Quote word for word the lines below, beginning with the first and ending with the one that has "Voetwassing van reizigers". Drop the pictures.

→ Data for processing
+ + +

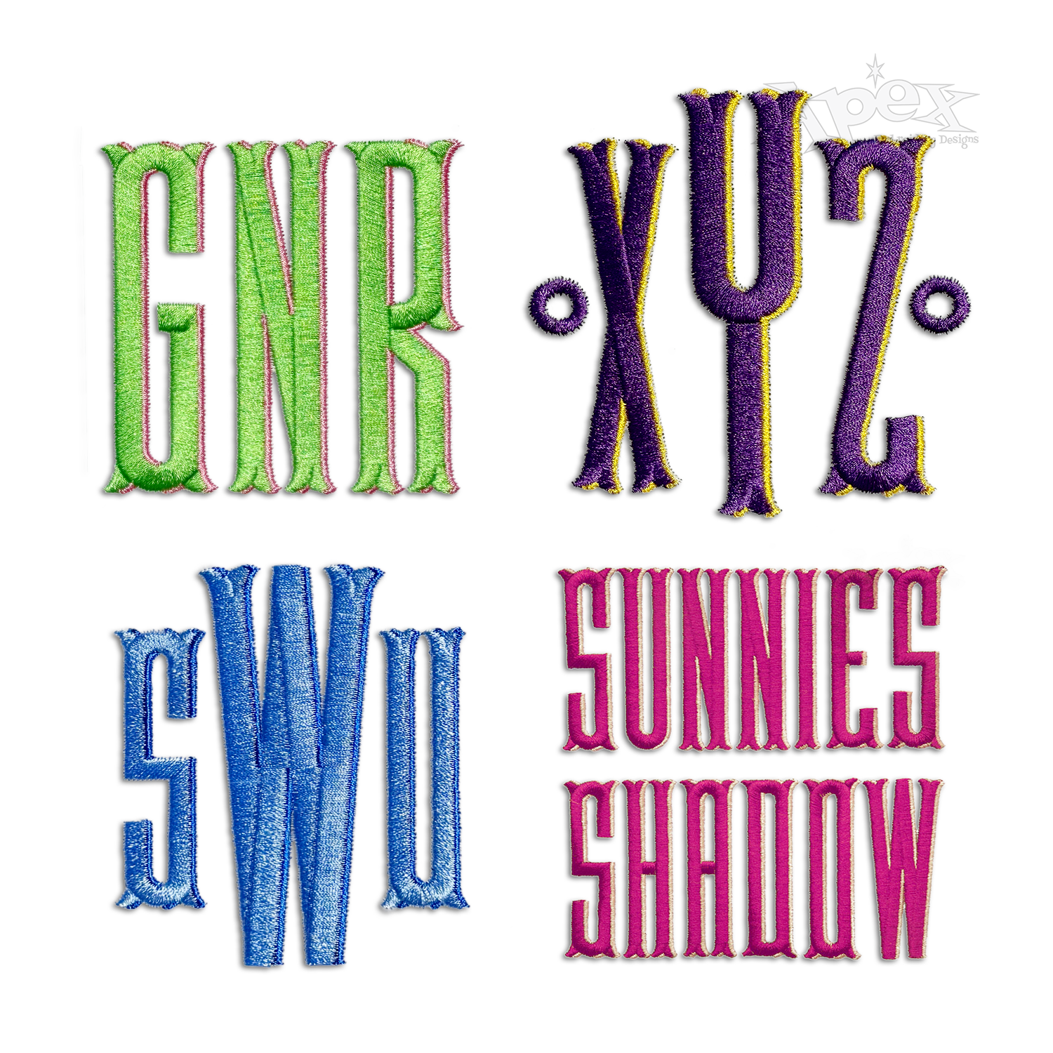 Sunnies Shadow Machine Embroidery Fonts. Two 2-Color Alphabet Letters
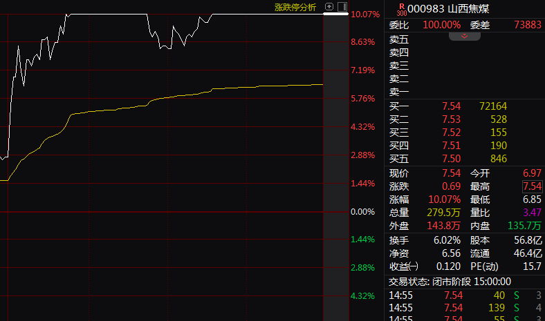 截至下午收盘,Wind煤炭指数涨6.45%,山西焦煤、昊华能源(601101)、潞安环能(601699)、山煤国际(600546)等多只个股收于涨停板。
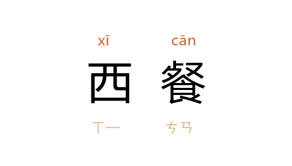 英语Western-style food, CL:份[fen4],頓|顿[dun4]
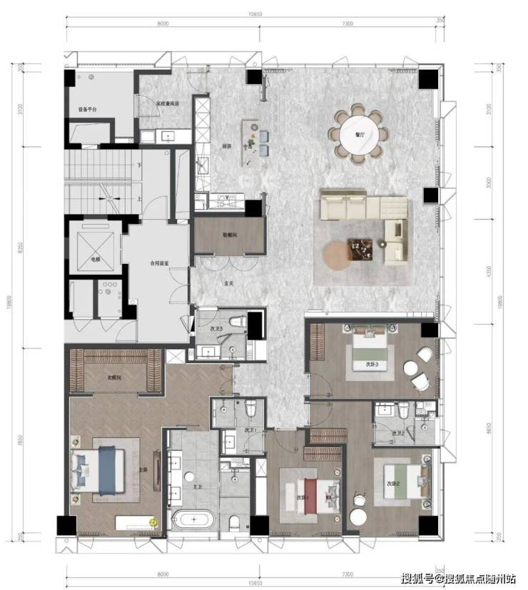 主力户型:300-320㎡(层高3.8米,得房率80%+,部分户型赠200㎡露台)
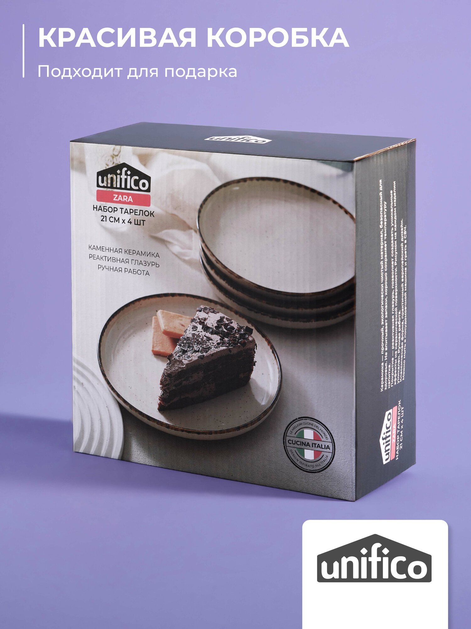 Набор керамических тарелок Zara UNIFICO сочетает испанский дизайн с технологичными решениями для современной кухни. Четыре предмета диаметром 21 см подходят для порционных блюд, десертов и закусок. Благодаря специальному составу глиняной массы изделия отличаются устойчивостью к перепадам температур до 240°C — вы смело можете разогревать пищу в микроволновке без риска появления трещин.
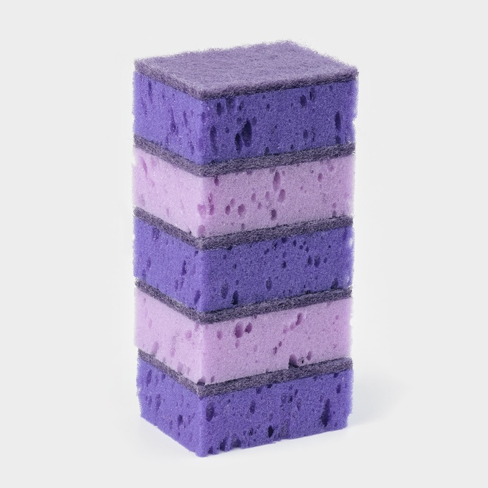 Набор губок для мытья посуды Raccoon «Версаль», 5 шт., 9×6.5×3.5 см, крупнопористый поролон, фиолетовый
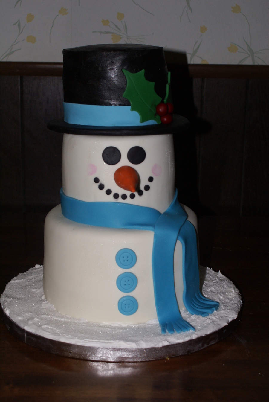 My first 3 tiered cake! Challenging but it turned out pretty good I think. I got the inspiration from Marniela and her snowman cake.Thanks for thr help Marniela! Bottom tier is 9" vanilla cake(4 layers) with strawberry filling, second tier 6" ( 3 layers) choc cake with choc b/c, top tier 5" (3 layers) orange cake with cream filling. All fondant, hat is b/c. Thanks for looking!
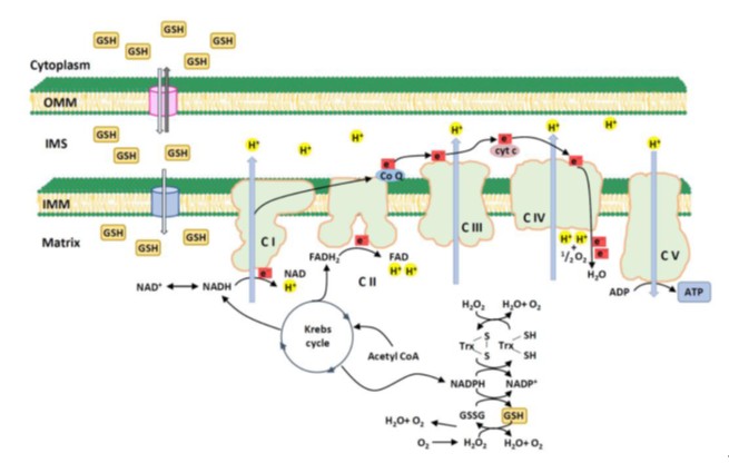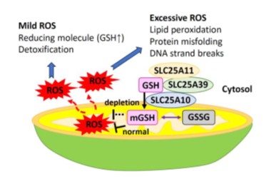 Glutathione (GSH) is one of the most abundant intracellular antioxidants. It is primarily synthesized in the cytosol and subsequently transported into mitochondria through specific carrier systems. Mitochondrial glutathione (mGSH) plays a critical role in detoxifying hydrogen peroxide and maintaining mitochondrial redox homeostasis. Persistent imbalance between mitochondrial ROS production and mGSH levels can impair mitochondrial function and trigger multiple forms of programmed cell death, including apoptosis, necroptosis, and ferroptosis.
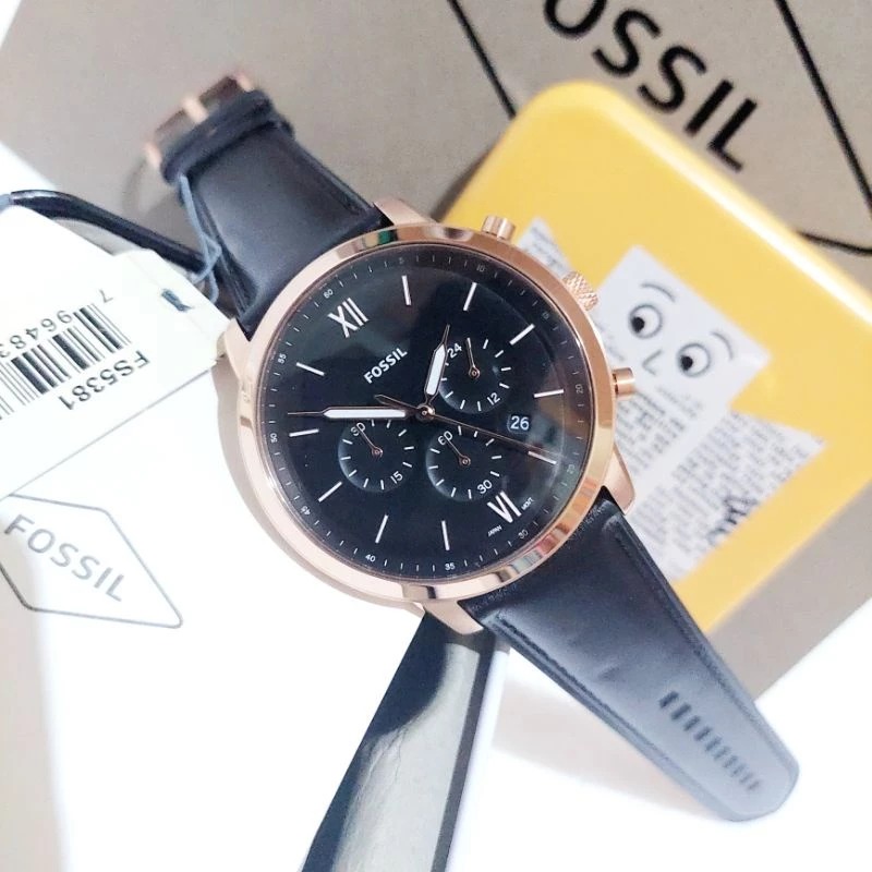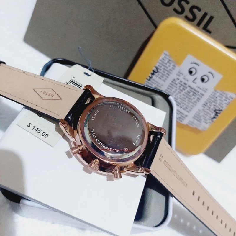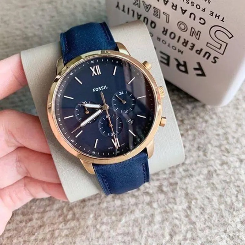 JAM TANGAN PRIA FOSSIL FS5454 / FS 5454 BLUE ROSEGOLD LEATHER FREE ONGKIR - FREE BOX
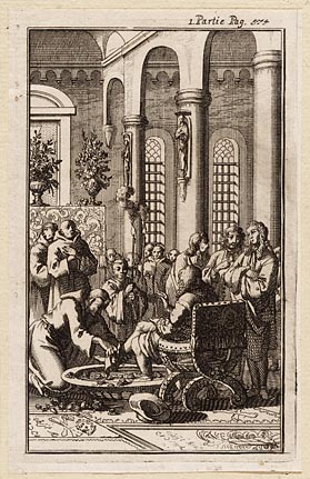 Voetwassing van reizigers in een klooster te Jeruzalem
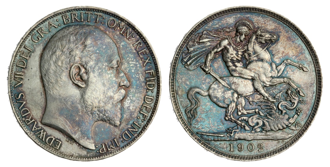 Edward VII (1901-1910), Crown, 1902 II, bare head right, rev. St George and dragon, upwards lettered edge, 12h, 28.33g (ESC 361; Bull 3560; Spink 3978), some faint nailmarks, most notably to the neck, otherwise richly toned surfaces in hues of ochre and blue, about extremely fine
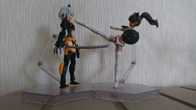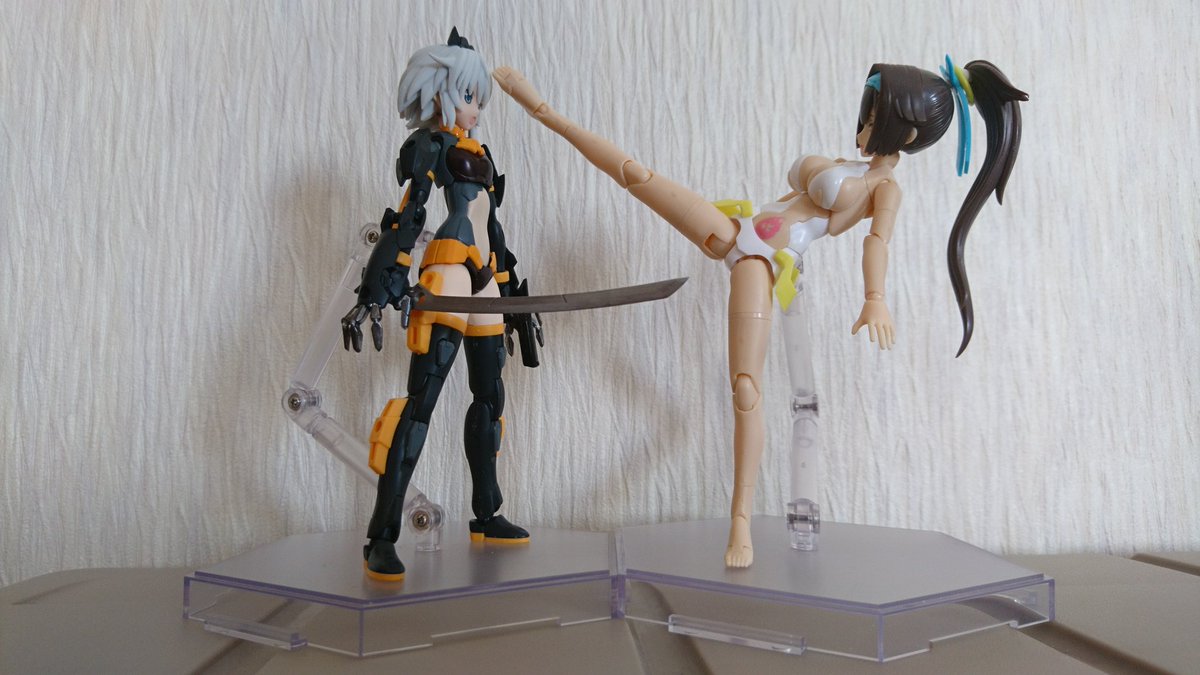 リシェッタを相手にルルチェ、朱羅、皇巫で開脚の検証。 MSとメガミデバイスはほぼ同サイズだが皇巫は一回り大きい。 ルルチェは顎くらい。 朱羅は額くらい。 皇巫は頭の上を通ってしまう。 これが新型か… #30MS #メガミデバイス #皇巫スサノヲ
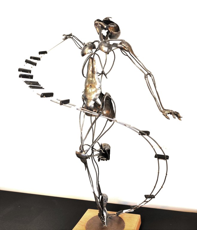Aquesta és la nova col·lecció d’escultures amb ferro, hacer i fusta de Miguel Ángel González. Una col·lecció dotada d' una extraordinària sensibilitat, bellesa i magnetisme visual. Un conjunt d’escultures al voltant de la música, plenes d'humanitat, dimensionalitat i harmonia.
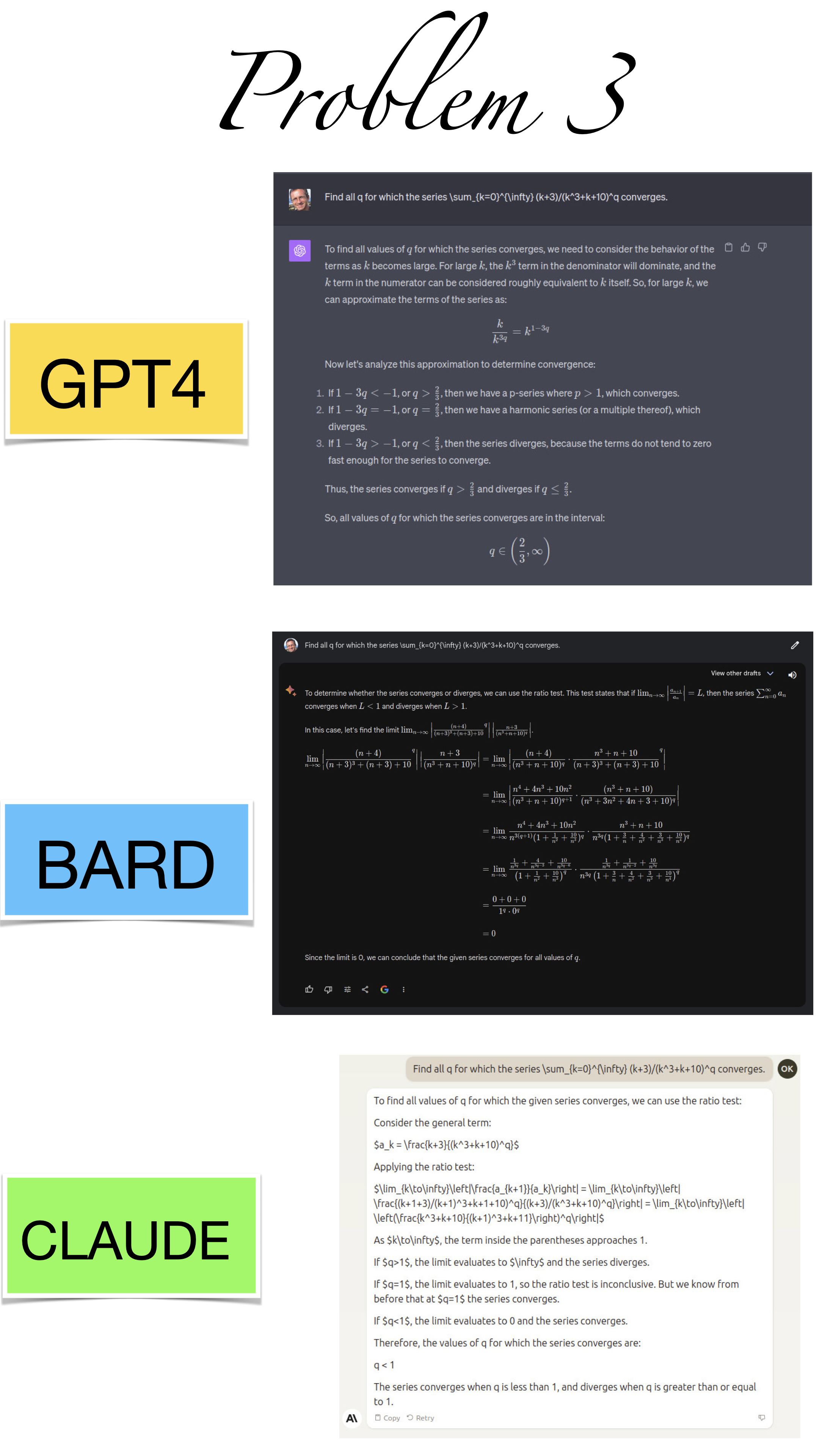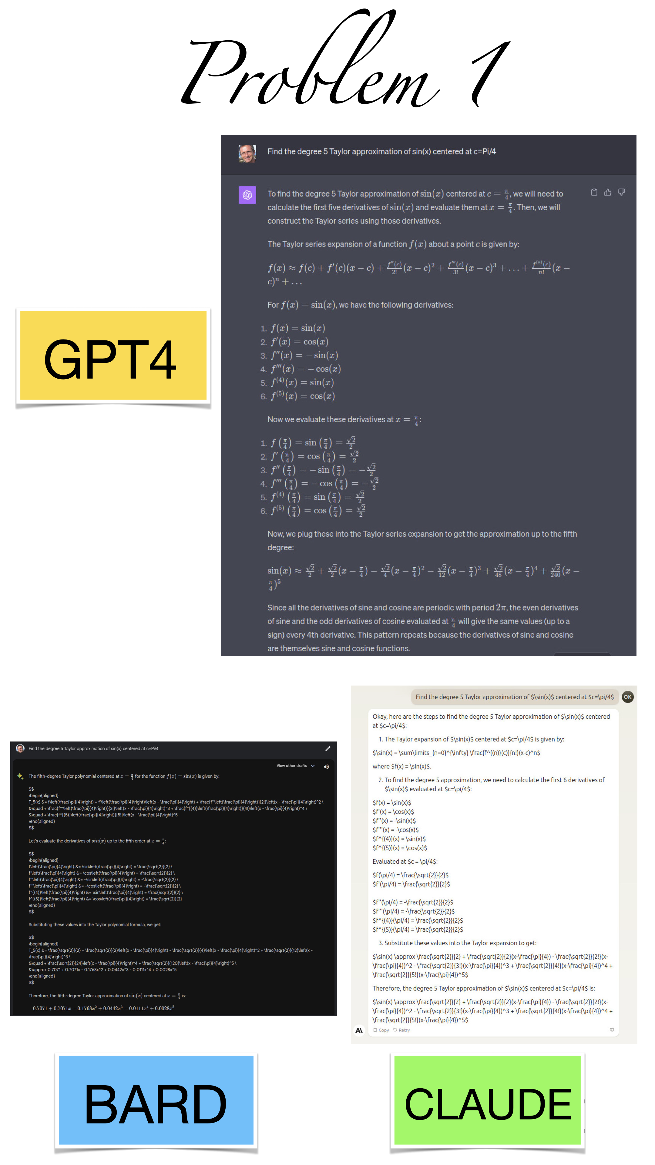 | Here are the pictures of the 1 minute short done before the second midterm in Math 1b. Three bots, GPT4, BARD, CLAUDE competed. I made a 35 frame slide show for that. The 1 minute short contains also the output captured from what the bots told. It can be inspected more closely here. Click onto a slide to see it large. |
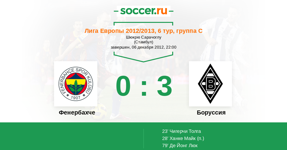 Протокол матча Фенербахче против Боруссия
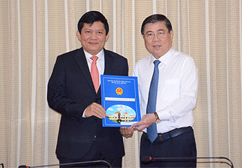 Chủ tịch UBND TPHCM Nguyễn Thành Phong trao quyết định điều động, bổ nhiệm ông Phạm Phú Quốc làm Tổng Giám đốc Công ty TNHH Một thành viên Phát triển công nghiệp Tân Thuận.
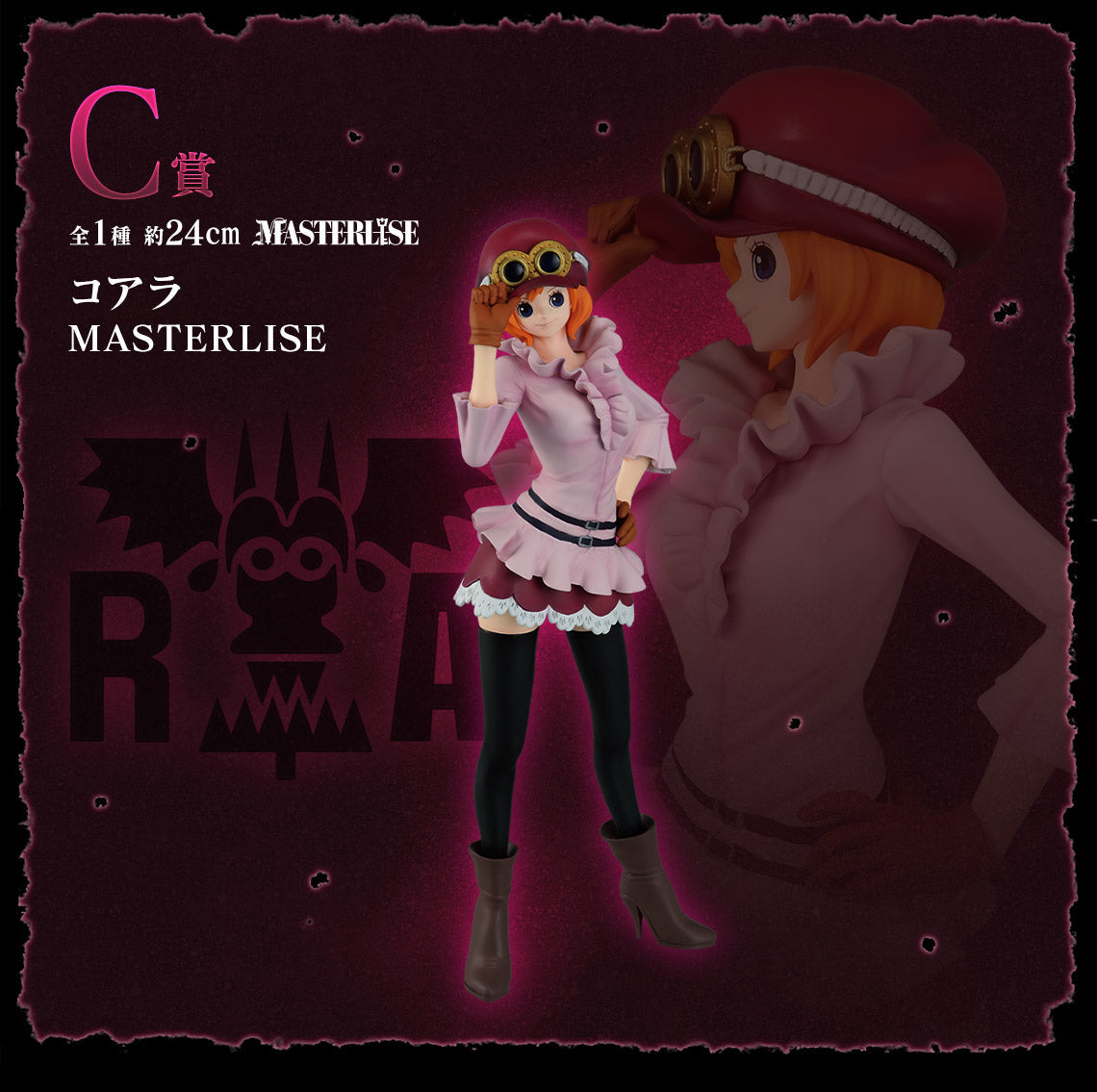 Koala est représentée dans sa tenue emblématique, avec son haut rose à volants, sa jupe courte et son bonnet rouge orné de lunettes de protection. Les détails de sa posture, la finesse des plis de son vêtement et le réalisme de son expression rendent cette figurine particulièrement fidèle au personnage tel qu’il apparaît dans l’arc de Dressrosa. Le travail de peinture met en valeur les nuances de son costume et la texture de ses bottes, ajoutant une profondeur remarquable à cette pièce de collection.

+ + +

→ Task output
 Sunnies Shadow Machine Embroidery Fonts. Two 2-Color Alphabet Letters
 截至下午收盘,Wind煤炭指数涨6.45%,山西焦煤、昊华能源(601101)、潞安环能(601699)、山煤国际(600546)等多只个股收于涨停板。
 英语Western-style food, CL:份[fen4],頓|顿[dun4]
 主力户型:300-320㎡(层高3.8米,得房率80%+,部分户型赠200㎡露台)
 Набор керамических тарелок Zara UNIFICO сочетает испанский дизайн с технологичными решениями для современной кухни. Четыре предмета диаметром 21 см подходят для порционных блюд, десертов и закусок. Благодаря специальному составу глиняной массы изделия отличаются устойчивостью к перепадам температур до 240°C — вы смело можете разогревать пищу в микроволновке без риска появления трещин.
 Набор губок для мытья посуды Raccoon «Версаль», 5 шт., 9×6.5×3.5 см, крупнопористый поролон, фиолетовый
 My first 3 tiered cake! Challenging but it turned out pretty good I think. I got the inspiration from Marniela and her snowman cake.Thanks for thr help Marniela! Bottom tier is 9" vanilla cake(4 layers) with strawberry filling, second tier 6" ( 3 layers) choc cake with choc b/c, top tier 5" (3 layers) orange cake with cream filling. All fondant, hat is b/c. Thanks for looking!
 Glutathione (GSH) is one of the most abundant intracellular antioxidants. It is primarily synthesized in the cytosol and subsequently transported into mitochondria through specific carrier systems. Mitochondrial glutathione (mGSH) plays a critical role in detoxifying hydrogen peroxide and maintaining mitochondrial redox homeostasis. Persistent imbalance between mitochondrial ROS production and mGSH levels can impair mitochondrial function and trigger multiple forms of programmed cell death, including apoptosis, necroptosis, and ferroptosis.
 JAM TANGAN PRIA FOSSIL FS5454 / FS 5454 BLUE ROSEGOLD LEATHER FREE ONGKIR - FREE BOX
 Voetwassing van reizigers in een klooster te Jeruzalem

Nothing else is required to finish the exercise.